Johnson, a retired senior staff engineer at Siemens, and Settino, a former schoolteacher, met at a bar in Hingham, Massachusetts. He popped the question in 2017 with the $70,000 ring.
But as wedding planning proceeded, Johnson in court filings said he came to suspect his fiancee was having an affair after seeing messages on her phone with another man, and called off the wedding.
Settino denies Johnson’s accusations, saying the man was a decades-old friend. Johnson took Settino to court to get the ring back, but a judge concluded he was mistaken about the affair and must bear fault for their separation.
That decision was reversed by an appeals court last year. It concluded that while Johnson may have been motivated by a mistaken belief, under current law that did not mean he was unjustified in breaking off the engagement.
Settino then appealed to the state high court. She said she has fought to keep the ring out of principle.
“I won’t wear that ring ever again,” Settino said, when asked about a potential victory.
Lawsuits seeking the return of rings are essentially the last remaining type of litigation over broken engagements recognized by U.S. courts, after states in the 1930s started to abolish “heart balm” claims women previously had been able to pursue when a marriage promise was called off.
Initially, many states handled cases over rings the way Massachusetts’ top court decided to in 1959, when it said the giver of an engagement ring is entitled to its return so long as that person was not “at fault” for breaking the engagement.

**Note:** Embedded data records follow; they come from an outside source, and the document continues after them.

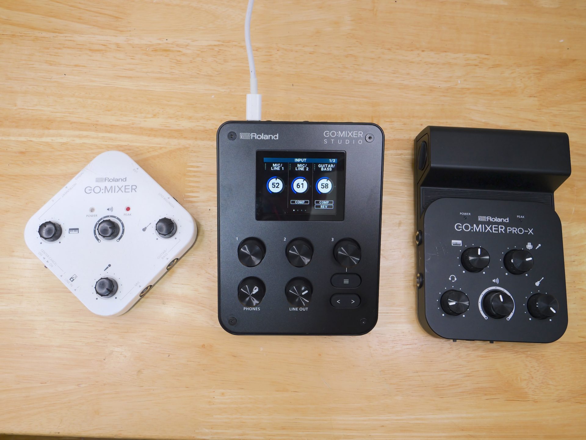 ちなみに初代GO:MIXERやGO:MIXER PRO-Xと並べてみるとこんな感じ。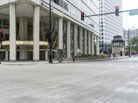 A view of a downtown business district in Chicago, Illinois. Featuring modern architecture, a mixed-use neighborhood with office buildings, concrete streets, vehicles, trees, and curbs. The metropolitan area is alive with activity during the day.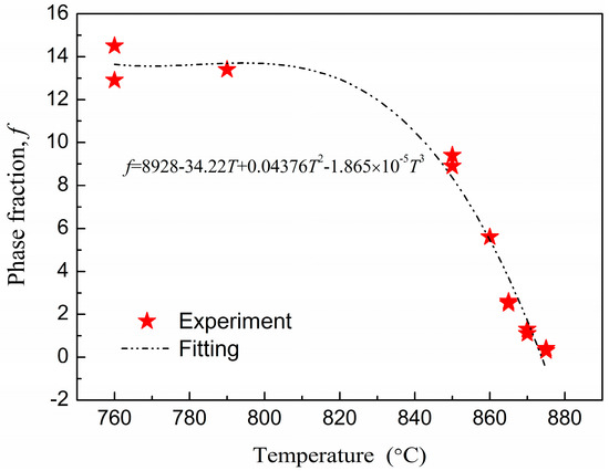 The temperature of α + β/β transition in titanium alloy, Tβ, has been defined as the lowest temperature at which all α-phase grains disappear from β matrix. To determine Tβ for Ti555211 titanium alloy, the metallographic method was used to observe phase fractions of α + β and β phases in the microstructure. In accordance with the national standard of the People’s Republic of China GB/T 23605-2020 for the metallographic method, the main requirements are: (1) First of all, ensure that the temperature uniformity of the electric furnace used for heat treatment specimens is ≤3 °C; (2) The size of all specimens is guaranteed to be consistent, with a diameter of 10 mm ± 1 mm and a height of 15 mm ± 1 mm; (3) Metallographic assessment is assessed according to the standard (the test surface of the sample should be able to better represent the entire cross-sectional structure of the material. Considering the influence of microstructural fluctuations in different parts of the sample on the microstructure, at least five fields of view should be observed at the center and half radius of the sample, and a representative field of view should be selected to determine the content of phase A. The determination of phase content can be done using an image comparison method, image analysis software (Image J, https://www.statistical-analysis.top/ImageJ/Details.html?bd_vid=9848313351479648088, accessed on 9 May 2024), or calculation method, and the selected image magnification should be consistent). The specimen holding time is 35 min ± 5 min. The holding time was calculated from the time when the effective working area of the furnace reaches the set temperature. After treatment the sample is cooled by water quenching. The metallographic structure of Ti555211 titanium alloy samples after different temperature treatments are obtained as shown in Figure 1. The higher the temperature, the less α phase can be observed. Then, α-phase fractions corresponding to different temperatures are quantitatively measured as shown in Figure 2, with the trend of α-phase fraction and temperature variation extrapolated using a simple polynomial function.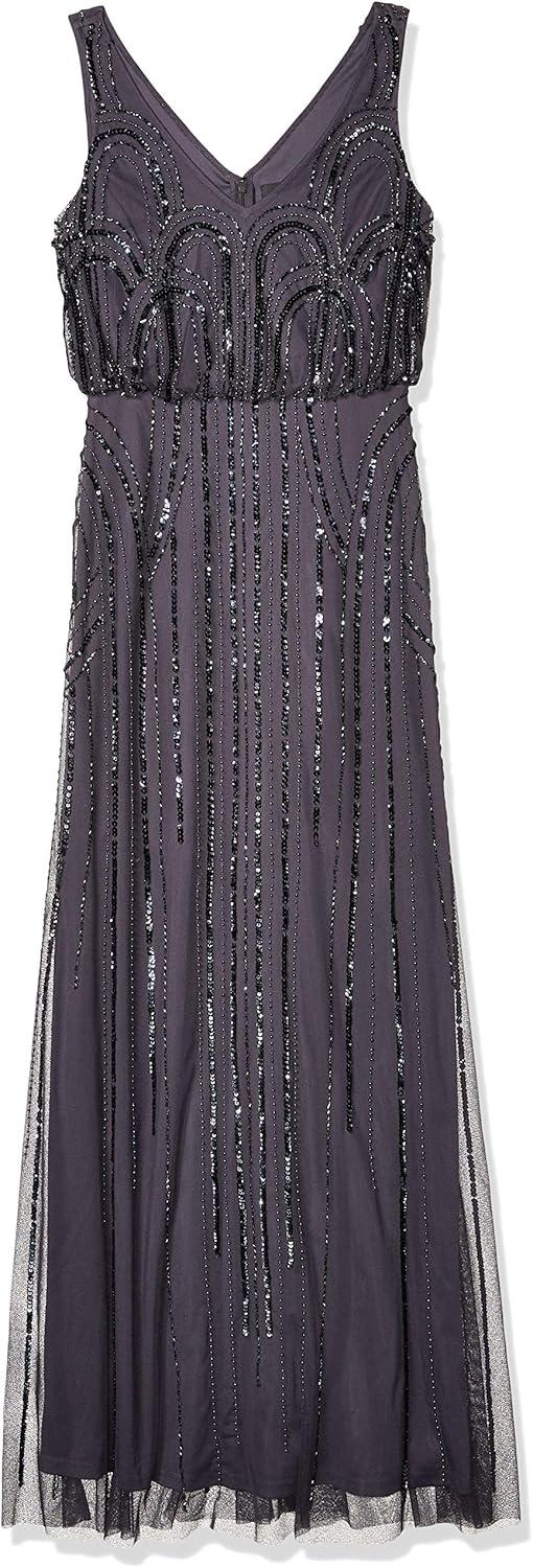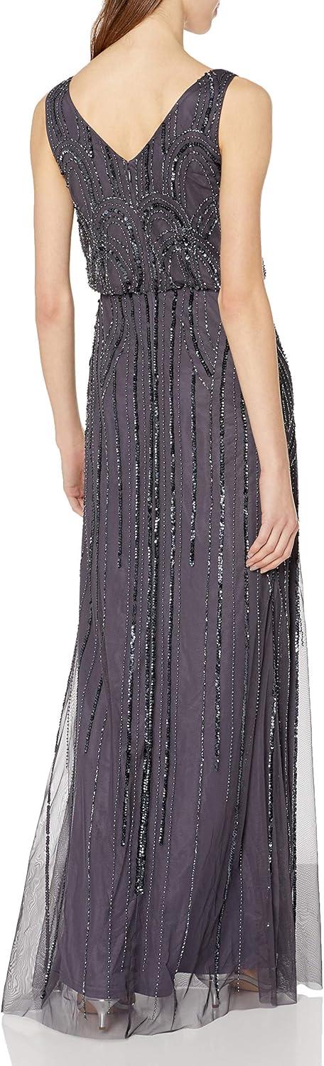 Adrianna Papell Womens Blsn Beaded Art Nouveau(Gunmetal)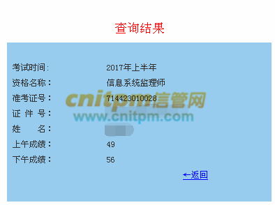 5.21考试,上午题还算中规中矩,下午考试题和历年题相比,个人感觉还是增加了和实际工作结合的趋势,有点不太适应,考后感觉下午题要挂,估分最高能得40。郁闷了很久,7.11时候成绩发布,上午49,下午56。什么56?我都不太相信,后来总结出一条经验,不会答的题尽量在题中找答案,尽量往上靠,字要写工整,字要写满,不出意外,基本都能给你过了。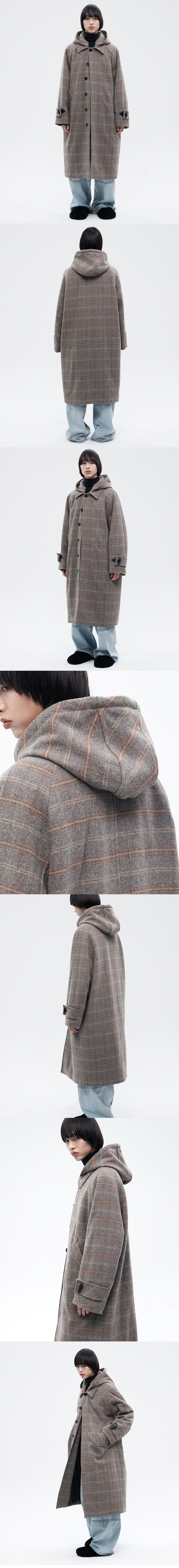 더플 코트와 맥코트 디테일을 믹스하여 유니크한 형태로 재해석한 후디드 맥코트입니다. 은은한 체크 울 소재로 제작되어 따뜻하고 편하게 입기 좋습니다. 3온즈 안감 패딩 처리로 한겨울 착용 가능하며 세미 오버핏 실루엣에 균형감이 좋아 데일리로 편하게 입기 좋습니다. -DETAIL- 1.개발한 삼각형 가죽 패치, 가죽끈 디테일로 완성된 소매 더플 코트 벨트디테일 2.후드 탈부착 가능 3.후드 사선 체크 디테일 4.안감 3온스 하스 패딩 처리로 한겨울 착용 가능 -model- mid long hair185/65 2사이즈 착용 mid hair183/63 2사이즈 착용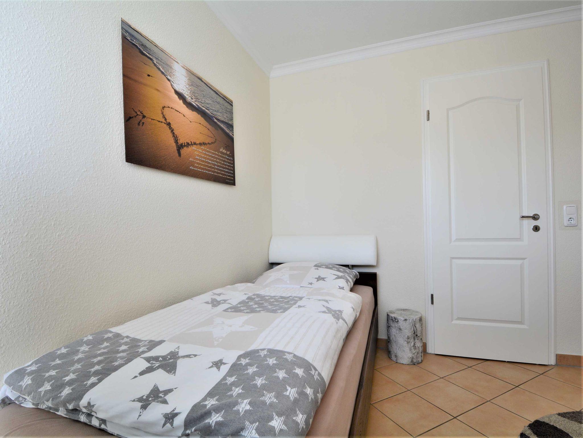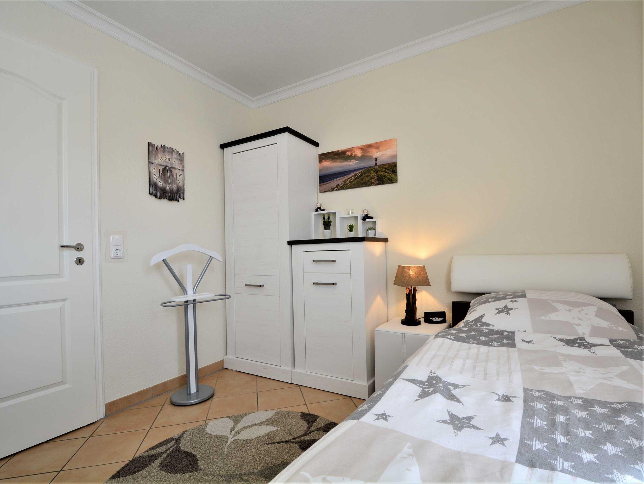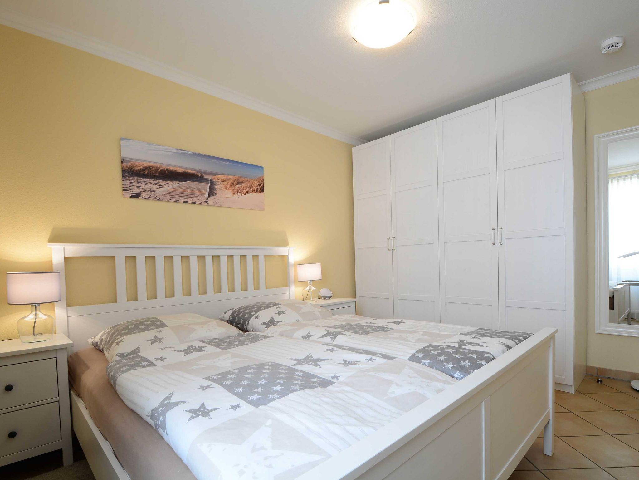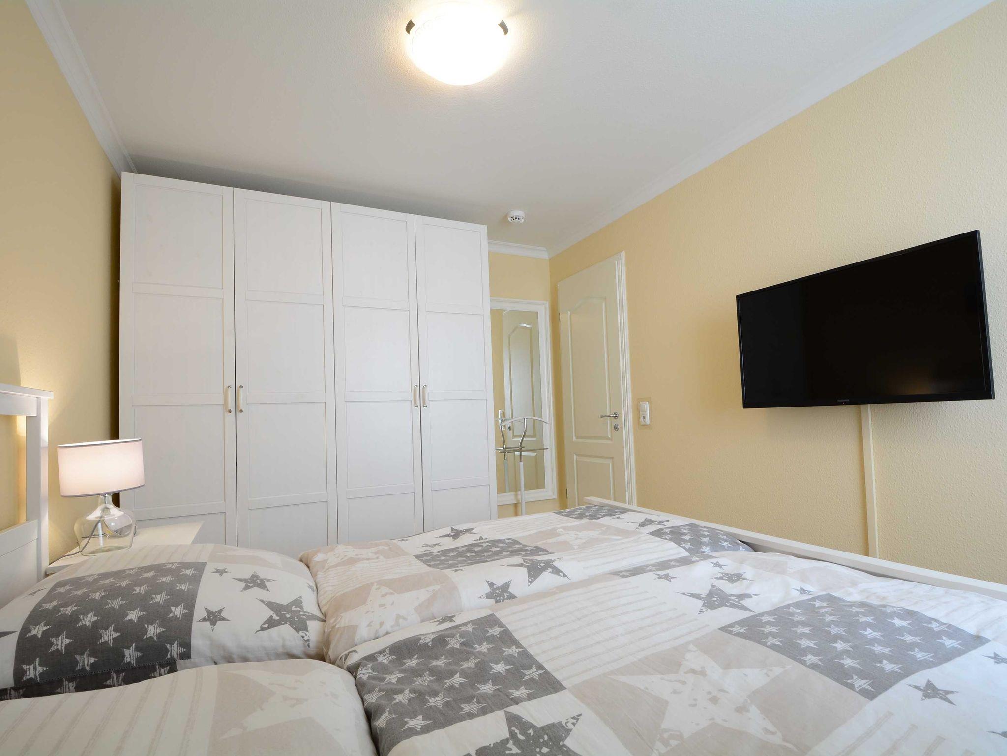 Im ersten Schlafzimmer lädt Sie ein komfortables Doppelbett (2 x 90cm x 200 cm) zur Nachtruhe ein. Der großzügige Kleiderschrank bietet genügend Platz für Ihre Urlaubsgarderobe. Das zweite Schlafzimmer ist mit zwei Einzelbetten (jeweils 90cm x 200cm) ausgestattet. In beide Schlafzimmer sind 39-Zoll-TV-Geräte angebracht.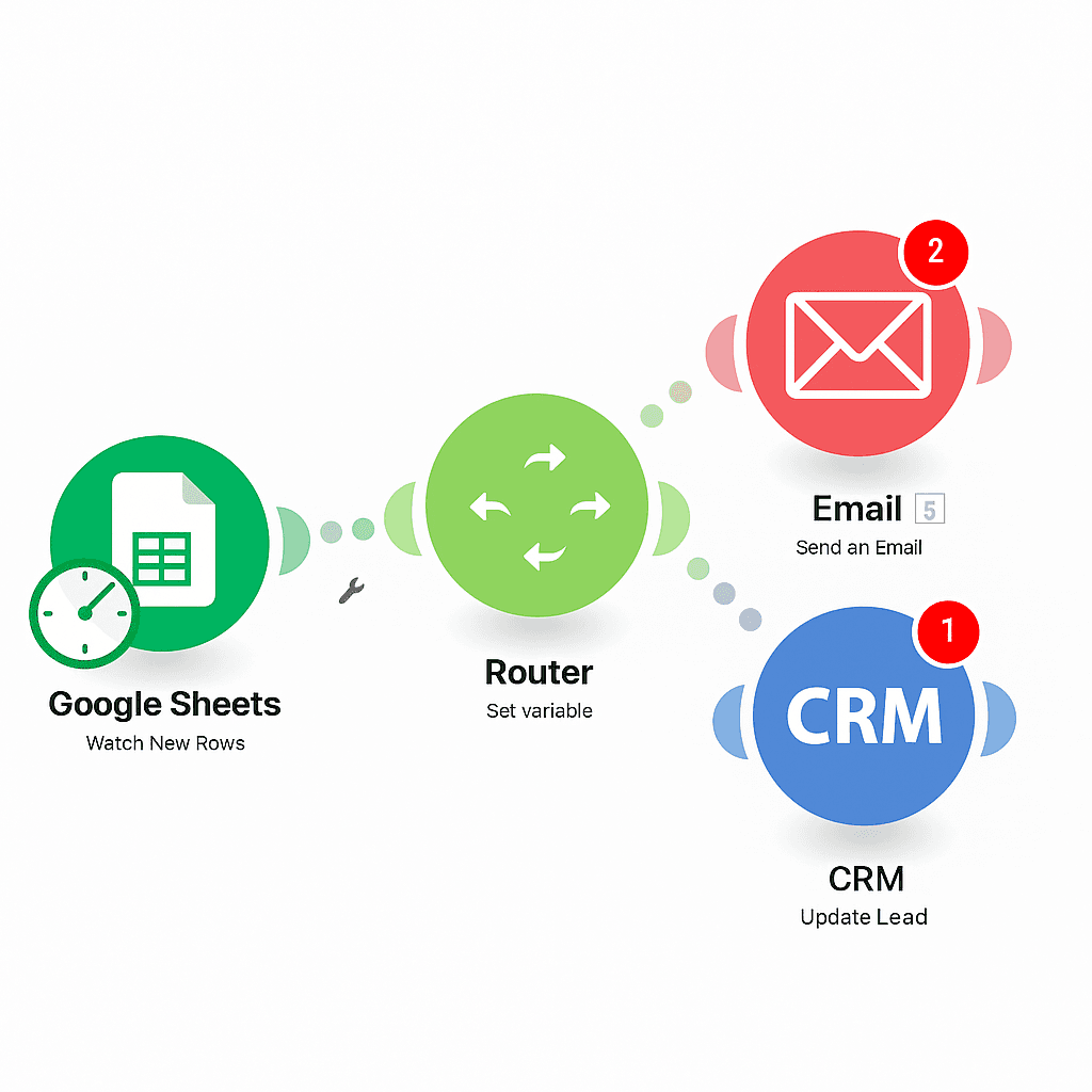 • 📊 Aktualizacja bazy danych (Sheets/CRM) po każdym kontakcie.

But now, a majority of states including New Jersey, New York and Pennsylvania treat an engagement ring as a conditional gift that should be returned to the giver upon the end of an engagement, regardless of fault.
That approach came into vogue as states embraced no-fault divorce. Yet critics, including Tushnet, say it perpetuates gender bias. Brides’ families in the U.S. often pick up the tab for wedding ceremonies, yet only the engagement ring can be sued over when nuptials are called off.
“The ring is contingent on, ‘You’re with me, and as long as you’re with me, you’re mine,'” Settino said. “That’s what I find archaic about the law.”
She said courts should get out of the business of regulating engagement rings, which is what the Montana Supreme Court did in 2002 when it charted a new path with a no-take-backs policy that treated the ring as no different than any other gift.
Johnson, too, wants a revamp of Massachusetts’ rules of engagement. But he is urging the court to adopt the no-fault approach most states follow. His lawyer did not respond to requests for comment.
The ring, meanwhile, remains in escrow while the dispute plays out.